▶ [DATA BLOCK]:
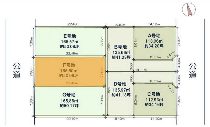 | 土地面積 | F号地 165.60㎡(約50.09坪)売約済 |
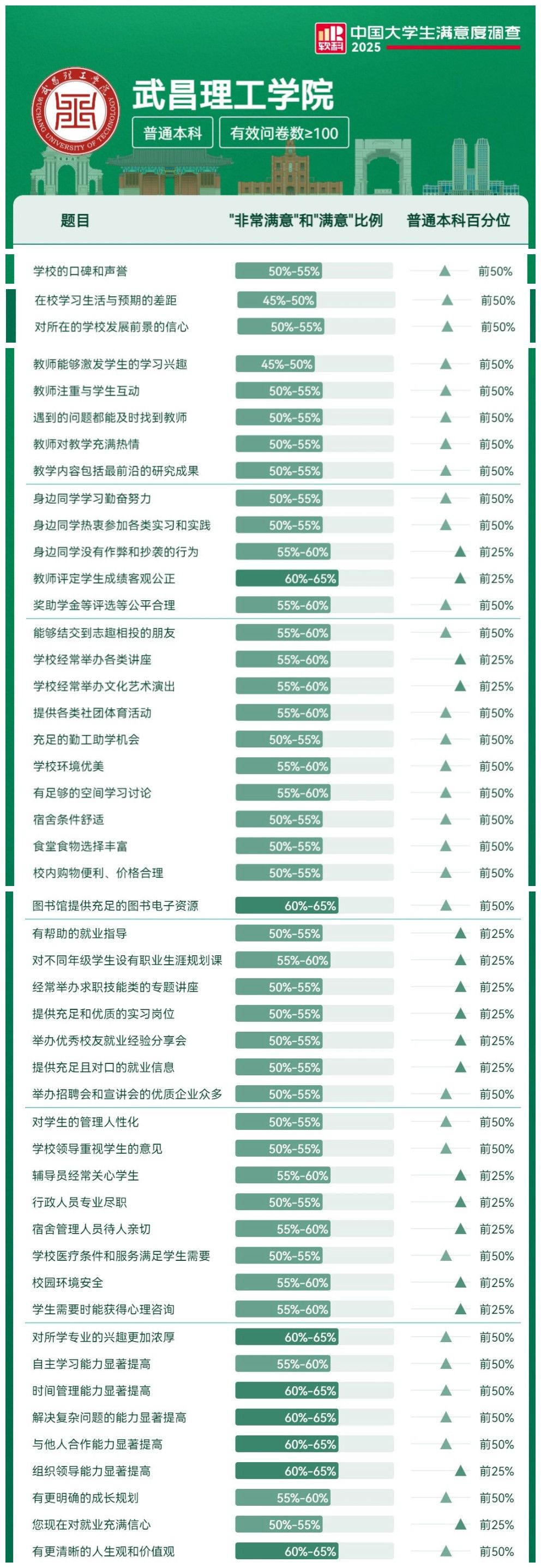本次调查历时4个月,覆盖全国2818所高校,回收有效问卷近15万份。问卷内容在学校声誉、课程教学、学风校风、校园生活、就业支持、后勤服务、成长感知、综合体验八大方面,设置了与大学学习生活密切相关的57个问题。在57项满意度评价中,武昌理工学院48项进入全国本科高校前50%,17项跻身前25%,尤其在就业指导、学术讲座、文艺演出、校园环境安全、宿舍管理、成绩评定等核心指标上表现突出。
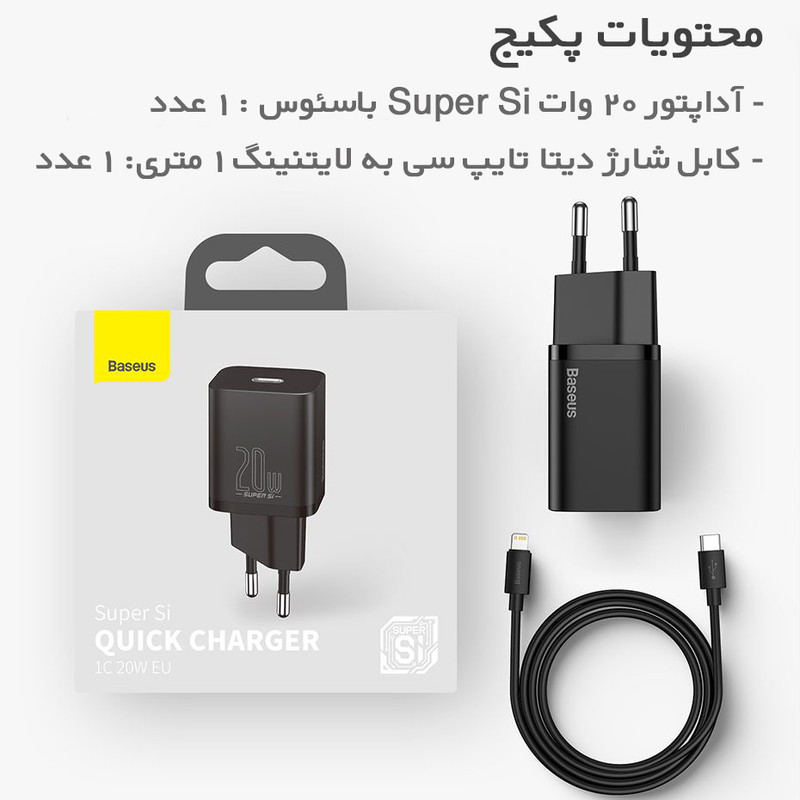 توان خروجی کلی آداپتور فست شارژ بیسوس TZCCSUP-B01 برابر با 20W میباشد که میتواند سری اپل آیفون 12 را با همین توان و سری آیفون 11 و قبل را با توان 18W شارژ کند. این تشخیص چگونگی کاهش توان به واسطه تکنولوژی محافظتی Power-Off بیسوس انجام میشود تا باتری گوشیها به طور خودکار تنها توانی که برایشان قابل تحمل است را دریافت کنند و صدمه نبینند.Super Si در واقع یک متریال جدید بر پایه سیلیکون است که دارای تراکم و رسانایی حرارتی بهتری میباشد و در چیپ این شارژر به کار رفته است. شارژرهای تولید شده با این تکنولوژی ابعاد کوچکتری دارند، سریعترند و در شرایط دمایی بالا مقاومت بیشتری خواهند داشت. همین امر سبب شده تا یک آداپتور 20 وات ساخته شده از فناوری super Si اندازهای برابر با یک آداپتور شارژ 5W داشته باشد.بدنه شارژر فست بیسوس TZCCSUP-B01 از پلاستیک ABS ساخته شده و به راحتی حرارت داخلی را از سطح خارج میکند تا شارژر سریع داغ نشود. ابعاد آن 78×34×28 میلی متر میباشد و وزنی برابر با 49 گرم دارد که به نسبت یک شارژر 20 واتی بسیار سبک است. به همراه این محصول یک کابل شارژ دیتا Baseus Simple Wisdom Data Cable تایپ سی به لایتنینگ به طول 1 متر نیز ارائه میشود. این کابل توان پشتیبانی از توان 20 وات را داشته و میتواند با سرعت 480Mbps به انتقال داده بپردازد.
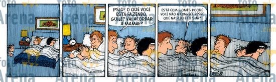 col1852pt TIRA MAFALDA, CÓDIGO ORIGINAL 1852, PORTUGUES, EDIÇÕES MARTINS FONTES.DiálogoPapai: Psiu! O que você está fazendo, Guil? Vai acordar a mamãe?Guile: Está com ciúmes poquê você não a conhece desde que nasceu e eu sim?As tiras da Mafalda, coloridas em português (com gramática atualizada), foram cedidas pela © Martins Editora Livraria Ltda. para licenciamento através da Fotoarena. Foram colorizadas pela editora Glénat.

▶ [AIM OF THE EXERCISE]: Repeat only the lines from the beginning of the material through the line containing "本次调查历时4个月,覆盖全国", both ends kept, leaving pictures out.

▶ [OUTPUT FOR THIS TASK]:
 | 土地面積 | F号地 165.60㎡(約50.09坪)売約済 |
本次调查历时4个月,覆盖全国2818所高校,回收有效问卷近15万份。问卷内容在学校声誉、课程教学、学风校风、校园生活、就业支持、后勤服务、成长感知、综合体验八大方面,设置了与大学学习生活密切相关的57个问题。在57项满意度评价中,武昌理工学院48项进入全国本科高校前50%,17项跻身前25%,尤其在就业指导、学术讲座、文艺演出、校园环境安全、宿舍管理、成绩评定等核心指标上表现突出。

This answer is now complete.